La recherche a démontré que pour réduire la morbidité, la mortalité et l'utilisation des soins de santé, il est rentable d'offrir une gamme d'options de traitement pour la toxicomanie, y compris les troubles liés à la consommation de substances. Il s'agit donc, comme préalable, de répartir les ressources de façon judicieuse pour assurer un niveau approprié de soins. La santé des Canadiens serait sûrement améliorée si on assurait une meilleure intégration des programmes et services dans les systèmes de soins de santé, de santé mentale, d'éducation, de services sociaux et de justice pénale. 

En assurant une telle intégration, beaucoup plus de Canadiens pourraient se prévaloir d'une gamme de traitements adéquats, p. ex. des interventions brèves de counseling par des travailleurs des soins de santé et des services sociaux.  Cette intégration aurait également d'autres avantages, notamment une amélioration des taux de dépistage et de repérage dans les établissements de soins de santé, une meilleure formation des stagiaires et des cliniciens en matière d'abus de substances et de troubles concomitants et une meilleure prestation de services de la part des établissements de santé qui ne disposent que de programmes de traitement rudimentaires.  

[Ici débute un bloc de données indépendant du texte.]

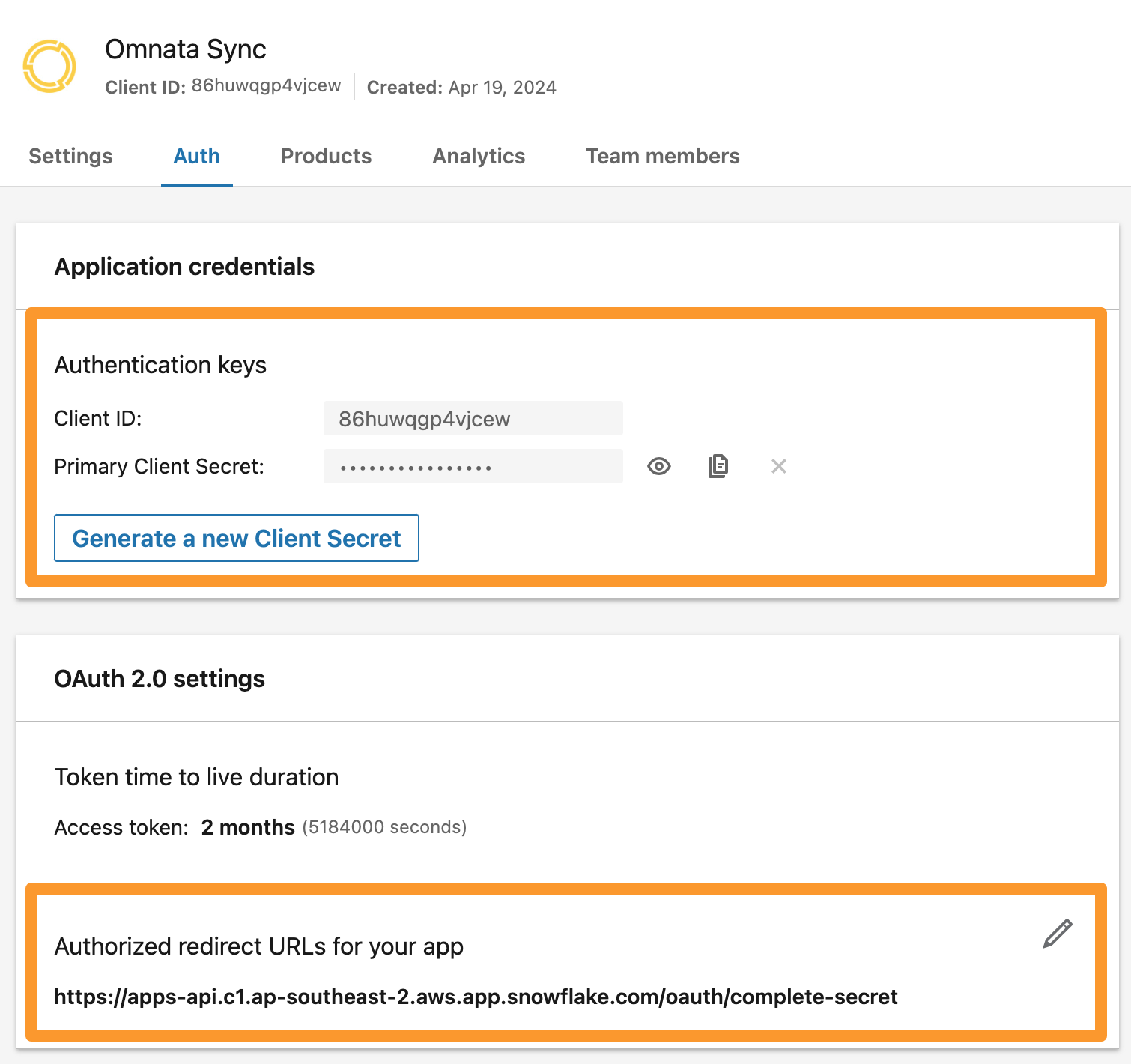 OAuth with LinkedIn uses your own OAuth credentials, not Omnata's. To create them:
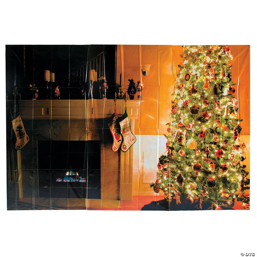 Create a cozy Christmas no matter where you are! The Traditional Christmas Backdrop Banner features a brightly lit Christmas tree next to a lit fireplace. Plastic banner comes in 3 pieces. When assembled, 9 ft. x 6 ft. (3 pcs. per set) Simple assembly required. © OTC
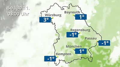 Das Video zeigt die Wettervorhersage für Bayern: Wie warm wird es? Wo scheint die Sonne? Wie dicht ist die Bewölkung? Wann regnet es? Wo schneit es? Wolken und Niederschlag werden gemäß aktueller Wetterprognose als Animation dargestellt. Für die Städte München, Bayreuth, Kempten, Passau, Regensburg und Würzburg wird die Temperatur angezeigt. Prognose vom 29. November 2025 um 18:10 Uhr
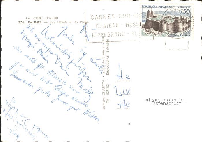 11903362 carte postale Cannes Alpes-Maritimes Les Hotels et la Plage Cote d Azur postalisch gelaufen Erhaltung siehe scans KatCode: 11170006106029
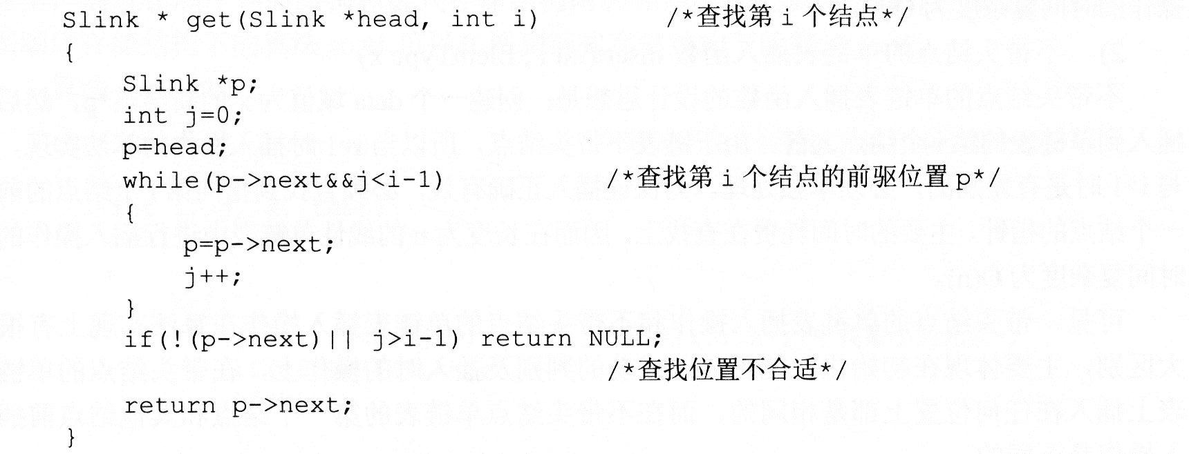 查找函数的设计思想是:在线性链表中查找元素要找元素前驱的指针。在长度为n的线性单链表中进行查找操作的时间复杂度为O(n)。查找函数的语句如下:
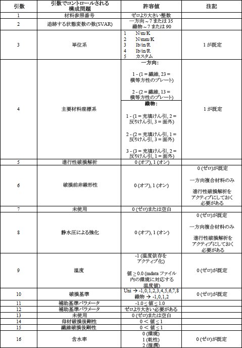 )がすべて元の損傷していない繊維構成係数の 1% にまで低減することを指定します。繊維破損後剛性値は 0 (ゼロ)より大きく、1 以下である必要があります。15 番目の引数が指定されていない場合は、1E-06 の既定値が仮定されます。
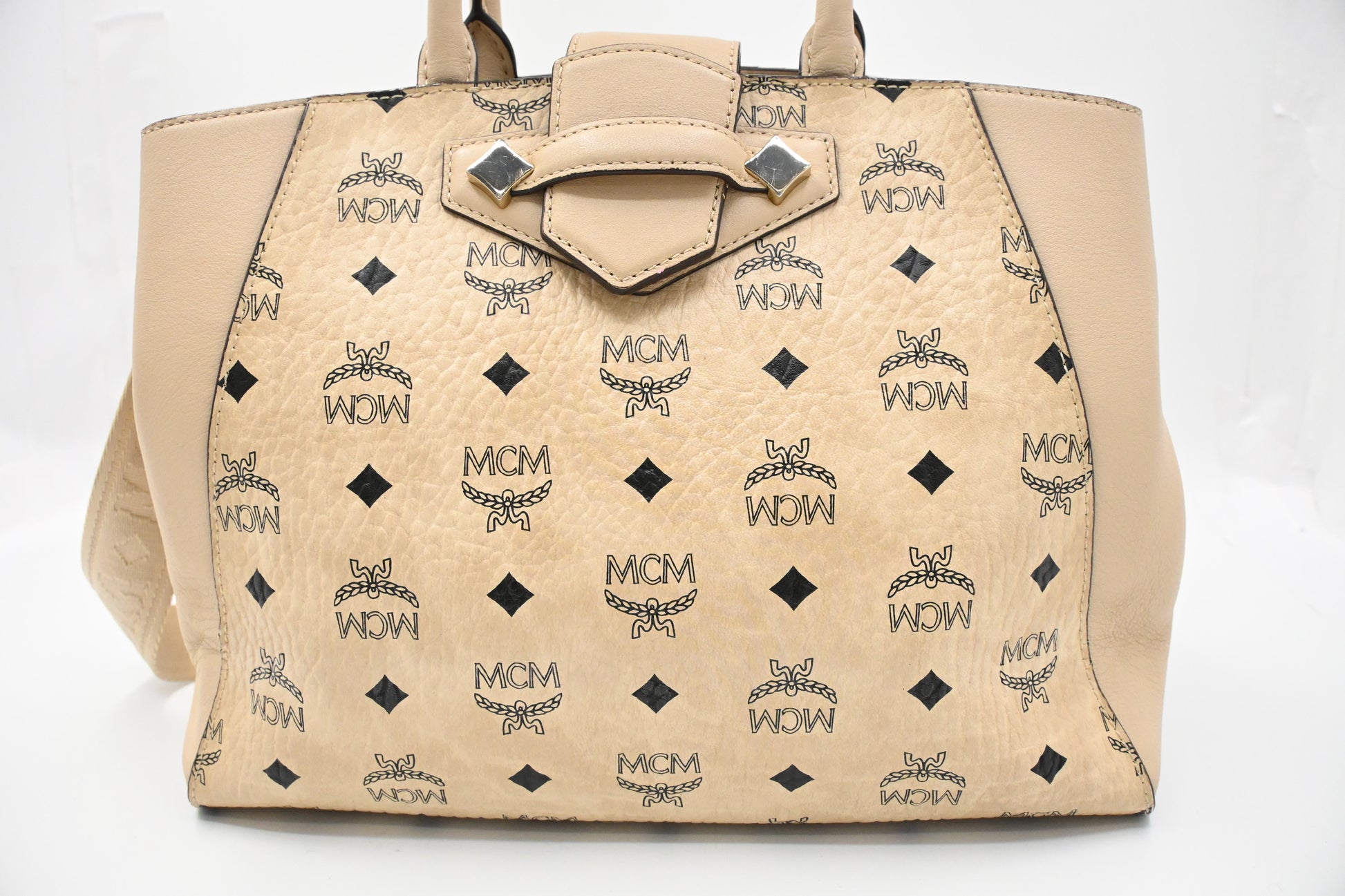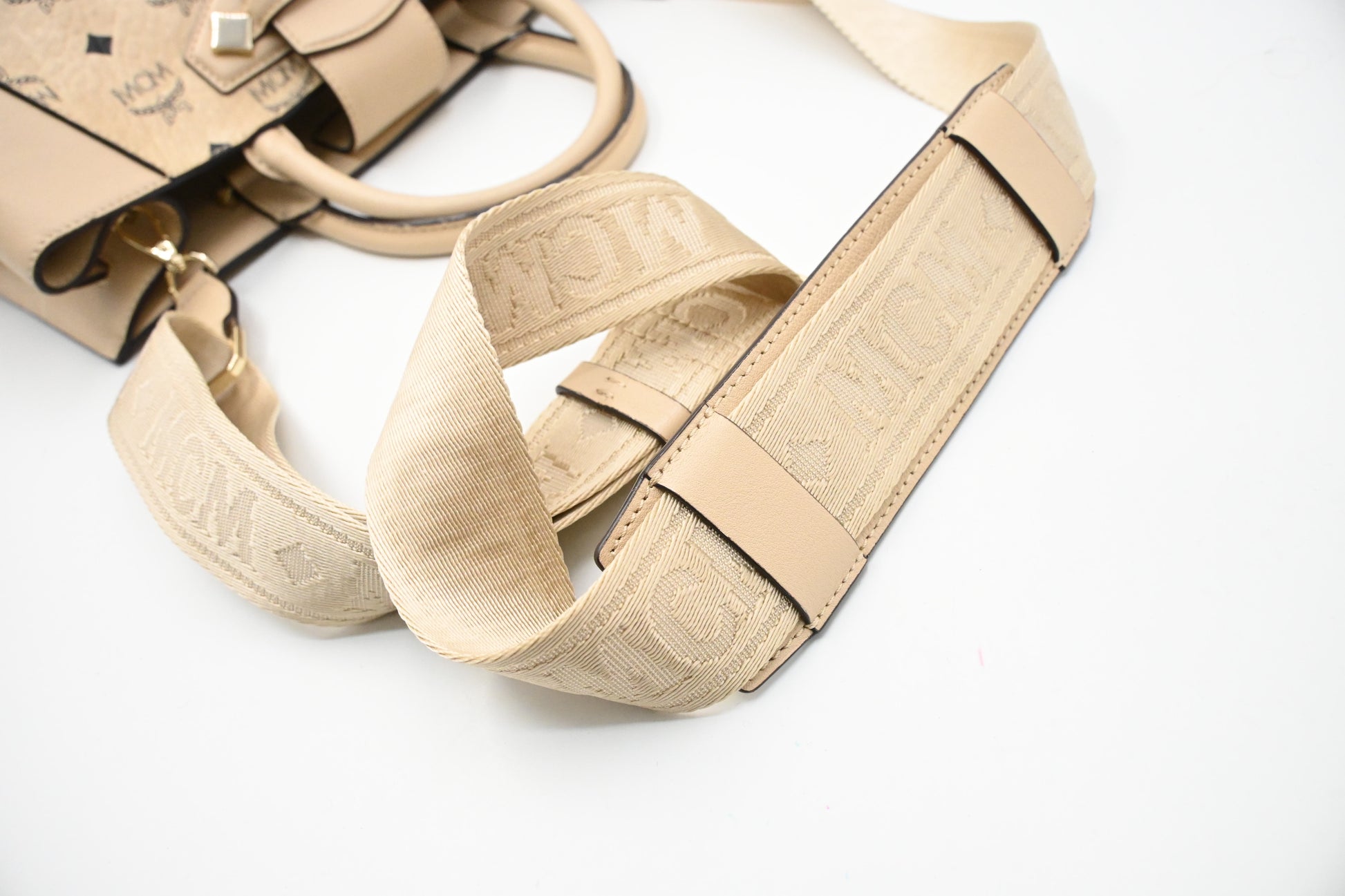MCM Two Way Bag in Beige Visetos Canvas

À l'heure actuelle, bon nombre de Canadiens n'ont pas accès à la gamme complète de programmes et de services faisant partie du continuum du traitement. Une prestation complète comprendrait les composantes suivantes : interventions brèves, traitement de jour et de consultations externes plus intensif, ainsi que pharmacothérapie et traitement en établissement de courte et de longue durée. Les traitements offerts actuellement aux personnes atteintes de troubles concomitants peuvent être inadéquats voire inexistants, même dans les grands centres urbains. Les personnes aux prises avec de graves troubles liés à l'abus de substances ne jouissent pas d'une égalité d'accès en ce qui concerne le soutien social et les traitements médicaux indispensables à leur rétablissement à long terme. En outre, le traitement en établissement et pour personnes hospitalisées et les services de gestion du sevrage pour jeunes pourraient être considérablement améliorés d'un bout à l'autre du pays. 

Il est généralement admis que le Canada doit accroître le financement du soutien pharmacologique en vue d'assurer un traitement complet des troubles liés à l'abus de substances. Par exemple, le naltrexone et le disulfirame ne sont pas suffisamment prescrits et ne sont pas toujours couverts par les régimes d'assurance-médicaments provinciaux. Ce ne sont pas toutes les collectivités du pays qui ont accès à un traitement à la méthadone; du reste, l'acamprosate et la buprénorphine ne sont pas encore largement accessibles au Canada. 

Planificateurs, cliniciens et chercheurs en toxicomanie doivent collaborer pour veiller à ce que tous les Canadiens aient accès à une gamme de services et de programmes efficaces et de haute qualité qui s'inscrivent dans le continuum du traitement. Le gouvernement et le public doivent comprendre, grâce à la sensibilisation, que l'on devrait accorder au traitement de l'abus de substances la priorité qu'il mérite. Il faut accroître la collaboration avec les divers intervenants dans les systèmes de soins de santé, d'éducation, de services sociaux et de justice pénale, de façon à s'assurer que des services et des programmes de traitement efficaces sont accessibles aux toxicomanes et aux personnes aux prises avec des troubles liés à la consommation de substances, au moment et à l'endroit où elles en ont besoin.